I am getting the error “pair distance < table inner cutoff” during the first timestep of a tribology simulation using a potential table, obviously - with an inner cutoff. The simulation has under 80 atoms total, with periodic boundary conditions. The strange part is, using a debugger I have found the the atoms who are too close to one another are labeled i=48 and j=1695. The only reasoning I can find for an atom to be index 1695 is if it is a periodic image, but then they certainly shouldn’t be this close to one another. Overall, we are pretty baffled. Any tips? Thanks so much!
input file
3-d 2 metal surfaces coming in contact and then sliding
dimension 3
boundary p p p
units metal
atom_style atomic
Can you print out the distance the code thinks the
2 atoms are apart, and their coordinates? I.e.
add a print statement before the error message
is invoked. You are using a triclinic box,
so periodic images of atoms are also shifted,
so are you sure your input config accounts for that?
Here are the coordinates and such:
i 48 x -14.830252 y 6.634883 z 6.931973
j 1695 x -15.092447 y 7.468805 z 6.935740
delx 0.262194 dely -0.833922 delz -0.003767 rsq 0.764186 tb->innersq 1.234921
The strangest part is that j=1695, when there are fewer than 100 atoms in the simulation. Perhaps it is possible that the table inner cutoff is simply too high. I would really like to make sure that this j value makes sense before proceeding.

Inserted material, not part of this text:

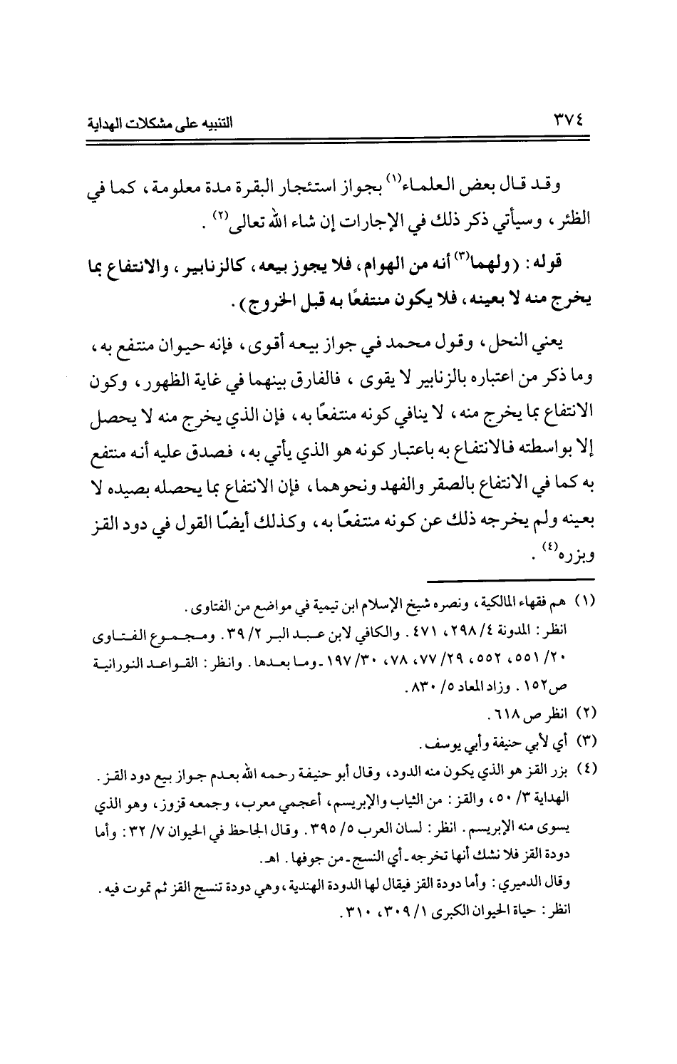 يعني النحل، وقول محمد في جواز بيعه أقوى، فإنه حيوان منتفع به، وما ذكر من اعتباره بالزنابير لا يقوى، فالفارق بينهما في غاية الظهور، وكون الانتفاع بما يخرج منه، لا ينافي كونه منتفعاً به، فإن الذي يخرج منه لا يحصل إلا بواسطته فالانتفاع به باعتبار كونه هو الذي يأتي به، فصدق عليه أنه منتفع به كما في الانتفاع بالصقر والفهد ونحوهما، فإن الانتفاع بما يحصله بصيده لا بعينه لم يخرجه ذلك عن كونه منتفعاً به، وكذلك أيضاً القول في دود القز وبزره.

Actually, the part I said about the inner cutoff can’t be correct, as with an even shorter time step I’ve gotten values for rsq < 0.1, which is completely unrealistic given the potential (equilibrium ~ 3 )
This output doesn't make sense to me. You said this
is for the 1st timestep, so I assume the coords will
be the same or nearly what is in the input data file.
In the data file the z extent is 0 to 48.96. None of
the 79 atoms has a z coord anywhere close to 6.9.
In fact atom 49 (i = 48) is at 6.2, 4.5, 2.9 in the data
file, but 20 Angs away in the print out below.
The number of ghosts is determined by the outer
cutoff of the table potential. Is it really long,
thus creating a large number of perioidic images?
Thanks Steve. You are completely right. We’ve been able to isolate the problem to something wrong with the potential file (ironically, the only thing I didn’t supply on this listserv - or perhaps, expectedly).